Brief = Print, word for word, every line from the beginning of the listing up to and including the line with "錦絵「品川付近を走る蒸気機関車」と 鉄道開業時の高輪築堤の石材! 〕". Pictures are to be excluded.

Exercise data =
....
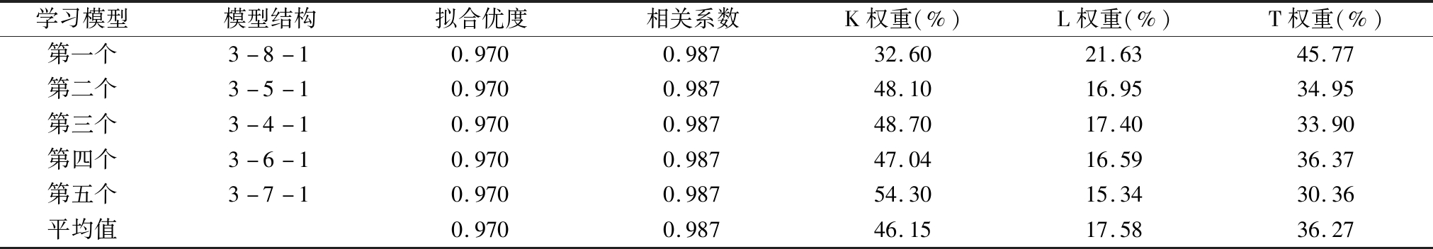学习模型模型结构拟合优度相关系数K权重(%)L权重(%)T权重(%)第一个3-8-10.9700.98732.6021.6345.77第二个3-5-10.9700.98748.1016.9534.95第三个3-4-10.9700.98748.7017.4033.90第四个3-6-10.9700.98747.0416.5936.37第五个3-7-10.9700.98754.3015.3430.36平均值0.9700.98746.1517.5836.27
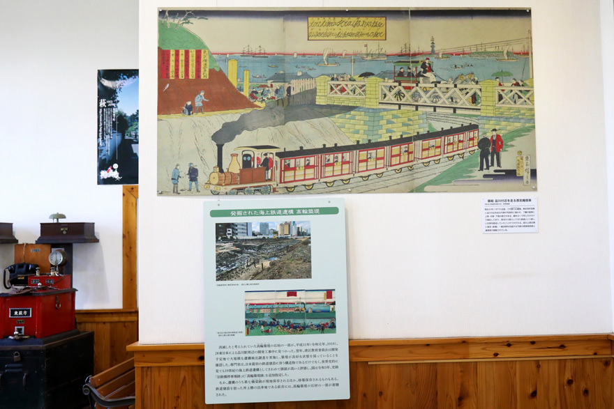 〔 萩 駅 「萩市自然と歴史の展示館」 錦絵「品川付近を走る蒸気機関車」と 鉄道開業時の高輪築堤の石材! 〕
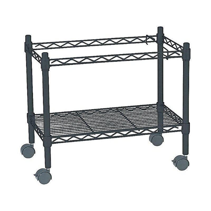 Create a mobile filing system with this Safco one-shelf metal file cart. With space for suspension files on top and a shelf for additional files or materials on the bottom, storing and transporting files is simple. This cart has a 300-pound capacity, allowing for heavy and dense files. Four swiveling wheels make it easy to maneuver this Safcomobile file cart throughout the office. File cart provides an easy way to keep your items organized. Black file cart is made of steel wire with powder coat finish. File cart comes with multipurpose shelf for additional storage. Four dual wheel casters (two-locking) make moving and positioning the cart simple. Dimensions: 20. 5"H x 24"W x 14"D. Assembly required. Supports up to 300 lbs. Meets or exceeds GREENGUARD standard. Manufacturers limited lifetime warranty. This mobile file is extremely functional and versatile with a contemporary look and wire steel construction. Black, steel. Frequent use. The cart is designed to accommodate letter or legal-size hanging folders (not included). You can easily slide the cart under a work surface to open up desk space. Safco Limited Lifetime Warranty . Store and transport files of various types with this Safco mobile file cart.
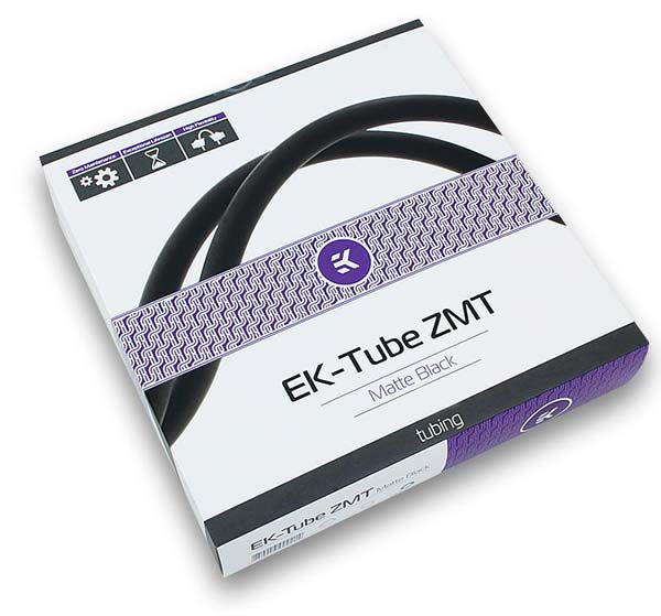EKWB сообщает, что буквы ZMT являются аббревиатурой от Zero Maintenance Tubing (шланги, не требующие обслуживания), изготавливаются из этилен-пропиленового каучука промышленного качества, цвет - чёрный, поверхность матовая. Решение не требует замены и обслуживания в течении очень долгого времени, поэтому придётся по вкусу тем людям, которые создают себе ПК по принципу "собрал и забыл". EK Water Block предлагает новые шланги EK-Tube ZMT в трёх размерах (диаметров), каждая длиной 3 метра, хотя для покупателей есть опция приобретения шлангов в "по-метровом" режиме.
....
Exercise answer =
学习模型模型结构拟合优度相关系数K权重(%)L权重(%)T权重(%)第一个3-8-10.9700.98732.6021.6345.77第二个3-5-10.9700.98748.1016.9534.95第三个3-4-10.9700.98748.7017.4033.90第四个3-6-10.9700.98747.0416.5936.37第五个3-7-10.9700.98754.3015.3430.36平均值0.9700.98746.1517.5836.27
 〔 萩 駅 「萩市自然と歴史の展示館」 錦絵「品川付近を走る蒸気機関車」と 鉄道開業時の高輪築堤の石材! 〕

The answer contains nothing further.